RDF Query Syntax

Let's look at a simple query with two statements. Each statement is placed as a direct child of the <query> element within the template.

<vbox datasources="http://www.xulplanet.com/ds/sample.rdf"
         ref="http://www.xulplanet.com/rdf/A">
  <template>
    <query>
      <content uri="?start"/>
      <triple subject="?start"
              predicate="http://www.xulplanet.com/rdf/relatedItem"
              object="?relateditem"/>
    </query>
    <rule>
      ...
    </rule>
  </template>
</vbox>

This query has two statements, each specified with a different tag. The template won't generate anything yet since we still need to fill in the content to be generated which goes in the missing part inside the rule. However, the template builder will be able to compile the rules and examine them as described earlier.

The builder needs to start with a single result as the seed result. This is done with the content tag. It indicates that we are going to use a starting point when navigating the graph. Obviously, since you need to start somewhere, you will have to use a content tag and it should be the first statement. Also, because we can only have one starting point, only one content tag can be used. The seed result will be created like this:

(?start = http://www.xulplanet.com/rdf/A)

The variable ?start is determined from the tag's 'uri' attribute. You can use any variable you want; it's common to use the variable ?uri. However, all rules must use the same starting point variable. So if a second rule were used, it would also need to use the ?start variable. The value of ?start is set to 'http://www.xulplanet.com/rdf/A'. You'll notice that this is the value of the ref attribute which is the desired starting node in the RDF graph. Thus, the ?start variable becomes the container or reference variable.

Actually, in the current template implementation, the above description isn't quite correct. The seed is actually an internal variable set to the container, in this case, the vbox, and the ?start variable is set to the ref later, but that is a minor detail that doesn't make templates more understandable. For this discussion, assume that so far we have a single potential result as above.
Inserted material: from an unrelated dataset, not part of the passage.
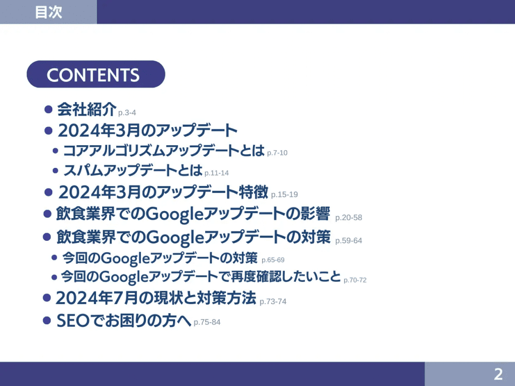 「飲食業界でのGoogleアップデートの影響」では、具体的な事例をもとにアップデートの影響を詳細に解説しています。アップデートの特徴や飲食業界でのGoogleアップデートの対策などのSEO情報にも注目です。
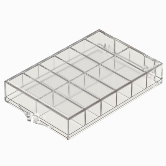 Series of small storage boxes with hinged transparent polystyrene lid. Glossy surfaces finish.

The content tag doesn't do anything else at this point, meaning it doesn't add anything else to the network of potential results, so processing continues on to the next statement, the triple, which looks like this:

<triple subject="?start"
        predicate="http://www.xulplanet.com/rdf/relatedItem"
        object="?relateditem"/>

The triple statement is used to follow arcs or arrows in the RDF graph. The predicate attribute specifies the labels of the arrows to follow. In the triple used here, the predicate is 'http://www.xulplanet.com/rdf/relatedItem', so we know that the builder will look for arrows with that label. The builder can either follow the arrows in a forward or backward direction, but only one direction per statement. It determines which direction to use by examining which data is known and which data is not known yet. Recall the data in the potential results set:

(?start = http://www.xulplanet.com/rdf/A)

This was the seed data created by the content statement. You might be able to guess that the builder fills in the value of the ?start variable as the triple's subject, giving something like this:

<triple subject="http://www.xulplanet.com/rdf/A"
        predicate="http://www.xulplanet.com/rdf/relatedItem"
        object="?relateditem"/>

The builder doesn't actually change the triple, but this might clarify how the builder is working. The builder looks at both the subject and object of the triple and tries to resolve any of the variables using the known data. The ?start variable has a value 'http://www.xulplanet.com/rdf/A', so that is filled in. The ?relateditem variable doesn't have any known value, so it will be left as is. Once the variables are filled in, the builder can query the RDF graph.

The query will look for all arrows that start at the node 'http://www.xulplanet.com/rdf/A' with the predicate (or arrow label) 'http://www.xulplanet.com/rdf/relatedItem'. Since ?relateditem isn't known, the builder will allow any value for the node the arrow points to, and will look in the datasource for all possible values. In a triple statement, the subject is always the start of an arc, while the object is what it points to. For this triple, the builder will follow the arrows in the forward direction. Here is the RDF graph again:

Image:Template-guide-p2.png

Starting at node A and following the relatedItem arcs, we can see that there are three possible values for the ?relateditem variable, B, C and D. This is new data, so the builder adds it to the graph. Since three values have been found, the network will now have three potential results:

(?start = http://www.xulplanet.com/rdf/A, ?relateditem = http://www.xulplanet.com/rdf/B)
(?start = http://www.xulplanet.com/rdf/A, ?relateditem = http://www.xulplanet.com/rdf/C)
(?start = http://www.xulplanet.com/rdf/A, ?relateditem = http://www.xulplanet.com/rdf/D)

You may note that the ?start variable is repeated for each result. This is because the builder copies the existing data for each new potential result and adds the new data. Internally, this isn't quite true; the builder actually maintains only one copy of the similar data but uses data structures in such a way which make it appear as if it were duplicated.

You may find this a bit confusing, but this should become clearer later with more specific and practical examples. Since the triple was the last statement, the builder moves on to the content generation phase, creating matches out of the three potential results.